**Work to complete:** From the line containing "The scenes were" to the line containing "My Prediction: In" in the records below, set down every line exactly as it stands, both ends included, and skip the pictures.

**Given data:**
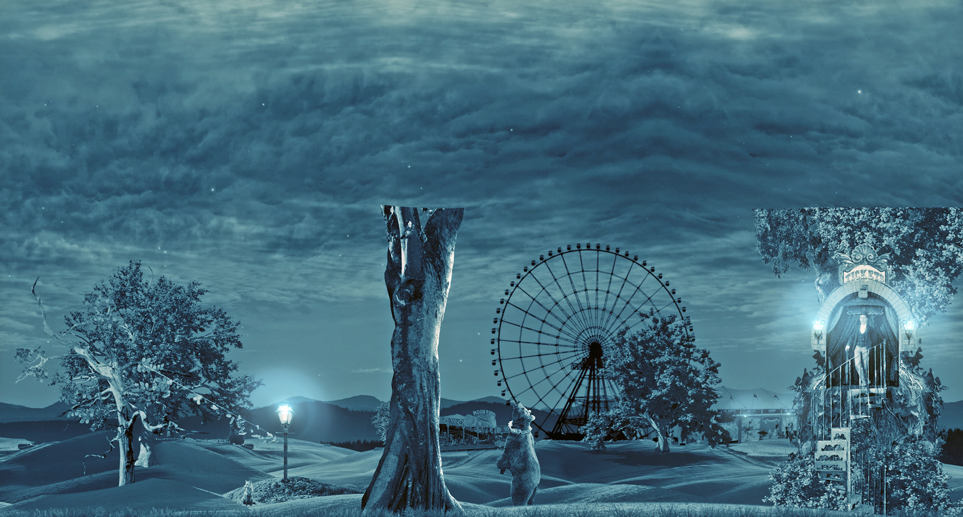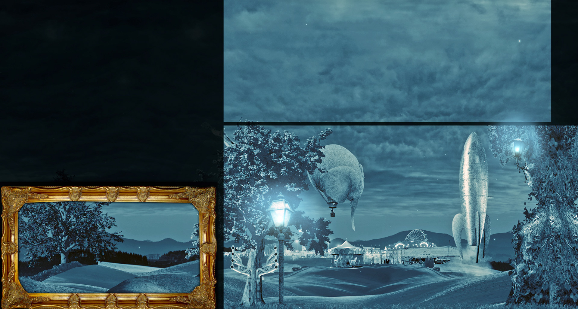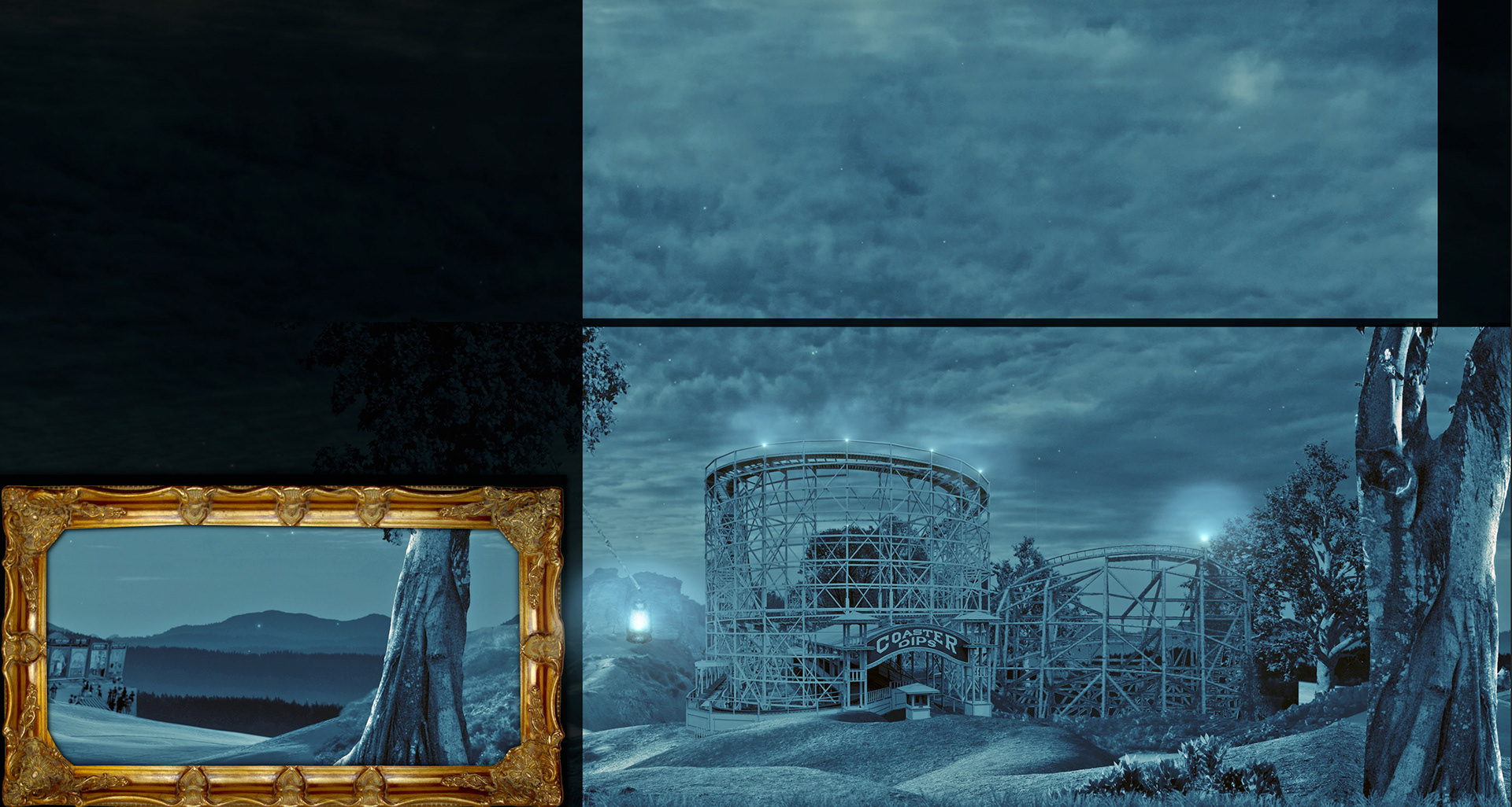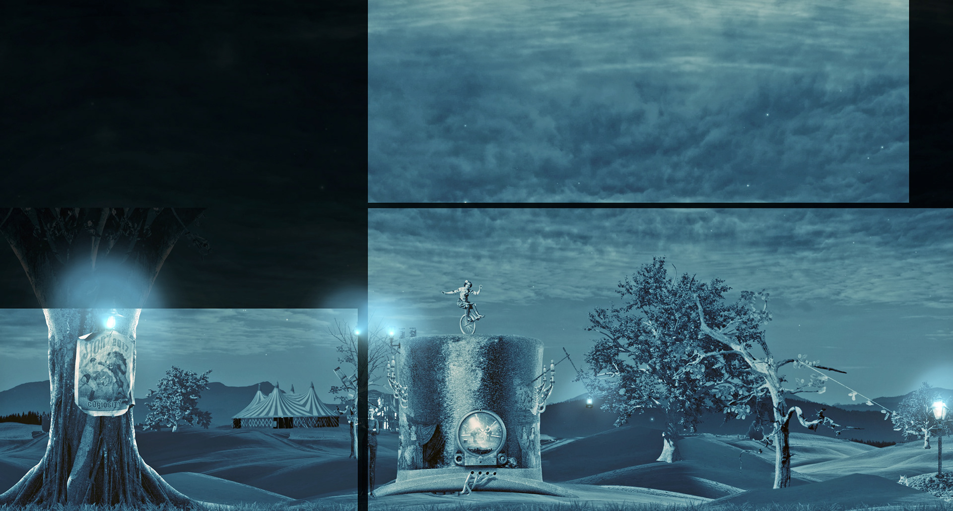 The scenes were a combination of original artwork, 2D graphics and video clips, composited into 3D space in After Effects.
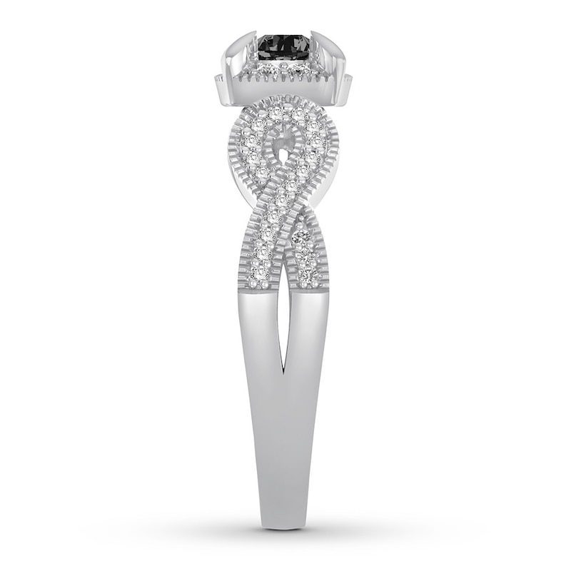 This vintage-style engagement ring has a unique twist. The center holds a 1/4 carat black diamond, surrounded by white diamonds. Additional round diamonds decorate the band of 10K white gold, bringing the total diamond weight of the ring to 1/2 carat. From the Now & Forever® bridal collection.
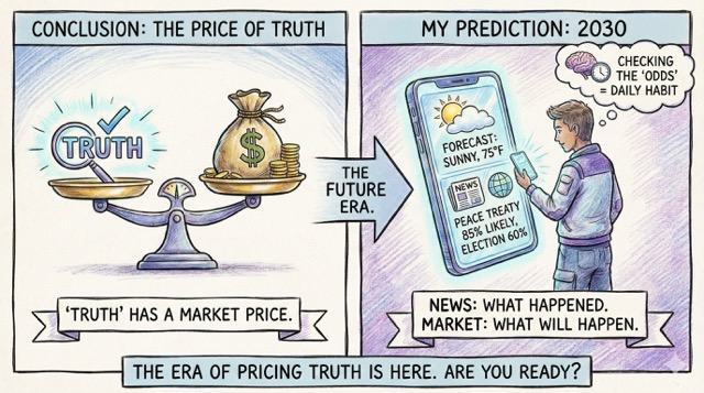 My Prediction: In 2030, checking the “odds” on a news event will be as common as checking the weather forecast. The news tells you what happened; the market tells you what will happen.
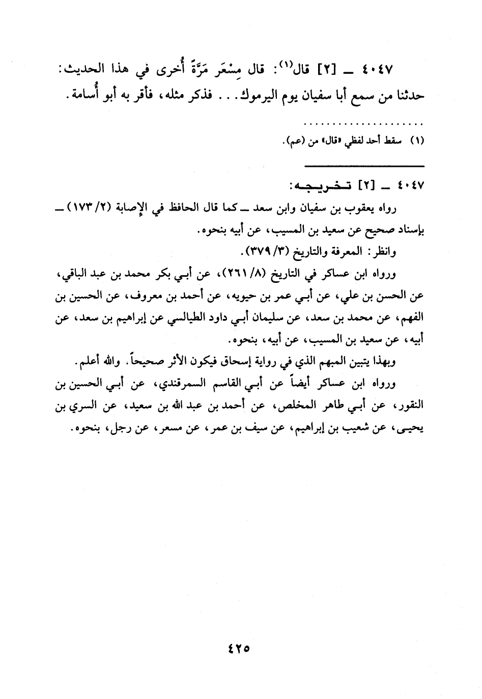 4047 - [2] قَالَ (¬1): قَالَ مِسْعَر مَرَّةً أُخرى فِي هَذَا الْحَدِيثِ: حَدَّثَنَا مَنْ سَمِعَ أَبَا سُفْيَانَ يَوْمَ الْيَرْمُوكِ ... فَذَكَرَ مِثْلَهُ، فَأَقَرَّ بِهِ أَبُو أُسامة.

* * *

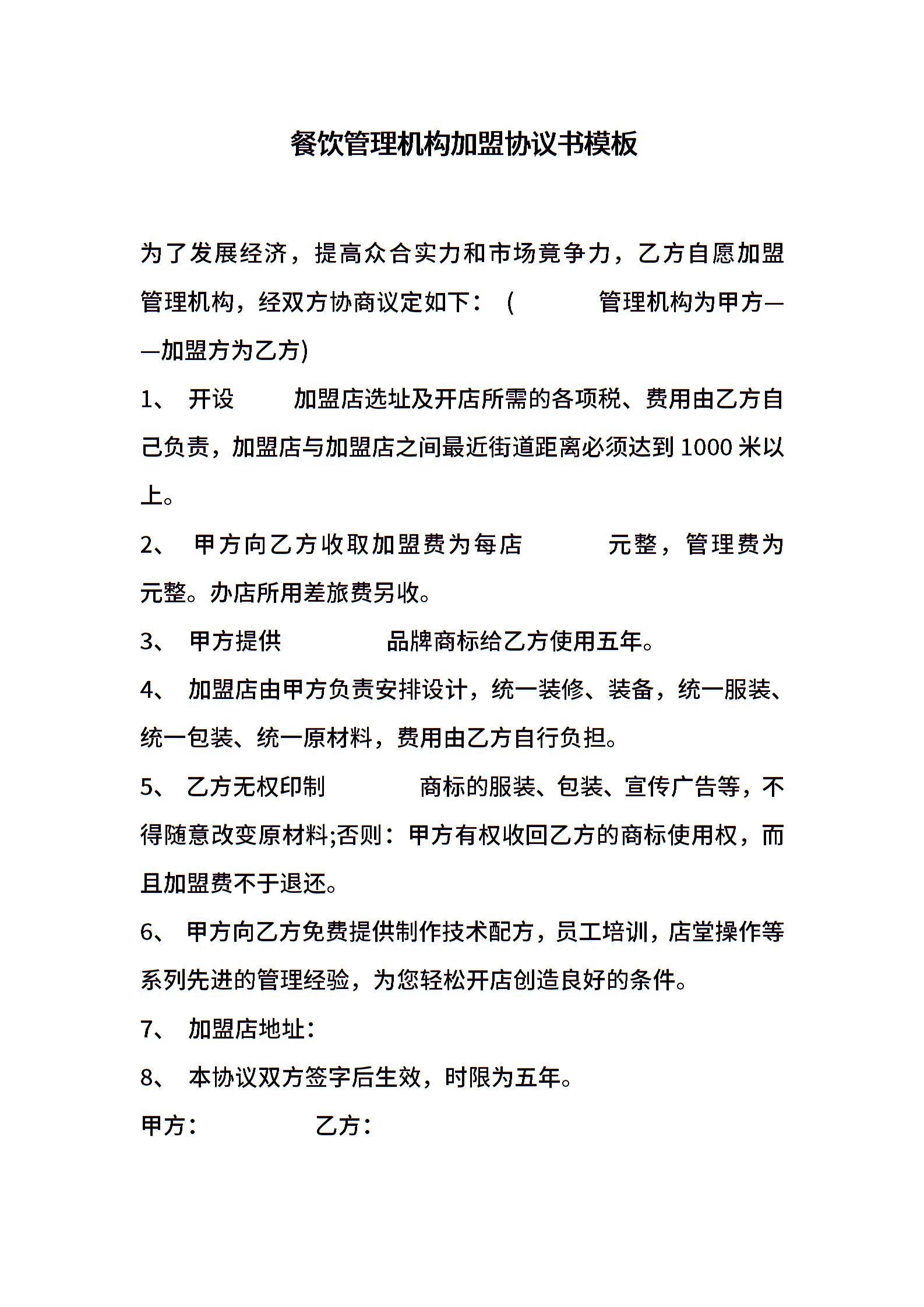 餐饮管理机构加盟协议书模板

---

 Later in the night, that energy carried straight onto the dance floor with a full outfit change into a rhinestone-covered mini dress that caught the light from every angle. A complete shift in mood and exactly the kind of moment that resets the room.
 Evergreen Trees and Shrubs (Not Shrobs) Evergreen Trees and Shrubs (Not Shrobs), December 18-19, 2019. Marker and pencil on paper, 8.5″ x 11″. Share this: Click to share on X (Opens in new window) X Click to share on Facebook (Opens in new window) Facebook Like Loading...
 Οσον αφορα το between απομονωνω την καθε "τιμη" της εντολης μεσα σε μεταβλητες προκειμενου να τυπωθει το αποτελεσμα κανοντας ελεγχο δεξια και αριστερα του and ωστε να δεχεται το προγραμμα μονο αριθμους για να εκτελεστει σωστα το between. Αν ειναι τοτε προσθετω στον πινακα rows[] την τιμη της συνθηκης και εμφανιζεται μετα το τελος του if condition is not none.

**Solution to this problem:**
 The scenes were a combination of original artwork, 2D graphics and video clips, composited into 3D space in After Effects.
 This vintage-style engagement ring has a unique twist. The center holds a 1/4 carat black diamond, surrounded by white diamonds. Additional round diamonds decorate the band of 10K white gold, bringing the total diamond weight of the ring to 1/2 carat. From the Now & Forever® bridal collection.
 My Prediction: In 2030, checking the “odds” on a news event will be as common as checking the weather forecast. The news tells you what happened; the market tells you what will happen.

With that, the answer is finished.